Accusations against BAT are not new as the company has been dragged to court in South Africa for abetting cigarette smuggling and was fined in Belgium last year after it was found guilty of espion- age.

VP Mnangagwa said exploitative players in the tobacco industry were killing competition and thwarting Government’s value addition and beneficiation agenda.

He said, Government should create a conducive environment for local cigarette manufacturers by probing allegations levelled against BAT, local security agents and Zimra officials.

“I think it is necessary for Government to come to their aid we are there to create a (conducive) environment for beneficiation and I have asked Mr (Adam) Molai (Savanna Tobacco executive chairman) to give me precisely what they would want done to ensure they expand and other players come into the industry,” he said.

“I have promised him that with my military background, we will have solutions to such challenges. I am extremely impressed by this factory, what the young people here are doing. It is an example of where Zimbabweans come together and go into a project and succeed despite constraints they have been going through.”

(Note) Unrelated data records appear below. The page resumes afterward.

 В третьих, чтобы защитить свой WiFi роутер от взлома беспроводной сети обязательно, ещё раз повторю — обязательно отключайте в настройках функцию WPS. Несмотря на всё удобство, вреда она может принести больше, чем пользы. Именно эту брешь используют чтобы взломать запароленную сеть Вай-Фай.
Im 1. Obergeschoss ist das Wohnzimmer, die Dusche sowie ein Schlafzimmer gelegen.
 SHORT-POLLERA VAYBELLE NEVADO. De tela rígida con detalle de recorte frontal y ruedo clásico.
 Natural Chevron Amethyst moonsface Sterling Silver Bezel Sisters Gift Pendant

Mr Molai said the annual export target of 10 billion sticks of cigarettes set by Cabinet in July 2014 as part of achieving the Zim-Asset goals would be hard to achieve if industrial espionage went unchecked.

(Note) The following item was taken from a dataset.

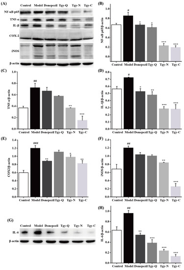 As an inflammatory stimulating factor, Aβ can stimulate the activation of cells and cause the release of inflammatory factors [13,14]. In addition, neuroinflammation is accompanied by the entire process of AD occurrence and development. Abnormally activated microglia and a large amount of inflammatory factors can jointly trigger neuroinflammation in experimental animals [14,15]. In our study, as shown in Figure 7, we found that compared with the blank group, the protein levels of NF-κB p65, TNF-α, IL-1β, and IL-6 in the brain tissue of the model group increased significantly. Compared with the model group, the levels of NF-κB, IL-1β, and IL-6 in the Donepezil group decreased significantly, and there was no significant performance difference in TNF-α. The levels of NF-κB, IL-1β, and IL-6 in the Tgy-Q group decreased significantly, but there was no significant difference in TNF-α, NF-κB, TNF-α, IL-1β, and IL-6 in the Tgy-N, and the Tgy-C groups decreased significantly. Compared with the control group, the COX-2 and iNOS protein levels in the brain tissue of the model group increased significantly, and compared with the model group, there was no significant difference in COX-2 and iNOS in the Tgy-Q group, and IL-6 was significantly reduced, while the COX-2, iNOS, and IL-6 in the Tgy-N and Tgy-C groups were significantly reduced. The above results demonstrated that Tieguanyin extracts could significantly down-regulate the expression of inflammatory related proteins in brain, and finally alleviate the AD syndromes in APP/PS1 mice.

Zimbabwe produces about four billion cigarettes sticks per year.

Said Mr Molai: “We have allowed a scenario where foreigners come and dictate the pace of our own development, sending their own officials, intelligence to make sure we do not grow as an industry.

“We hope now that officials locally will play their role in protecting the interest of the nation and ensure we achieve our rightful place as an exporter of cigarettes rather than tobacco. The cries by the farmers will be a thing of the past and the reason why they cry is because we are at the mercy of others in terms of exporting raw tobacco.”

Mr Molai said Savanna lost R150 million to organised hijackings of cigarette consignments in 2011, while other local companies such as Breco (trading as Fodya [Private] Limited), Tadnet and Cutrag suffered the same fate.

Two officials from TICOZ Protection Services, a local private investigation company, were arrested in 2013 after they were accused of supplying information that led to the robbery of Savanna trucks carrying cigarettes worth over R5 million.

TICOZ was alleged to have been contracted by Forensic Security Services (FSS), a South African firm of private detectives, to spy on local cigarette manufacturers.

FSS had been contracted by a non-governmental organisation called Tobacco Institute of Southern Africa (TISA), with BAT wholly funding the illegal operations.

BAT has denied the spying allegations.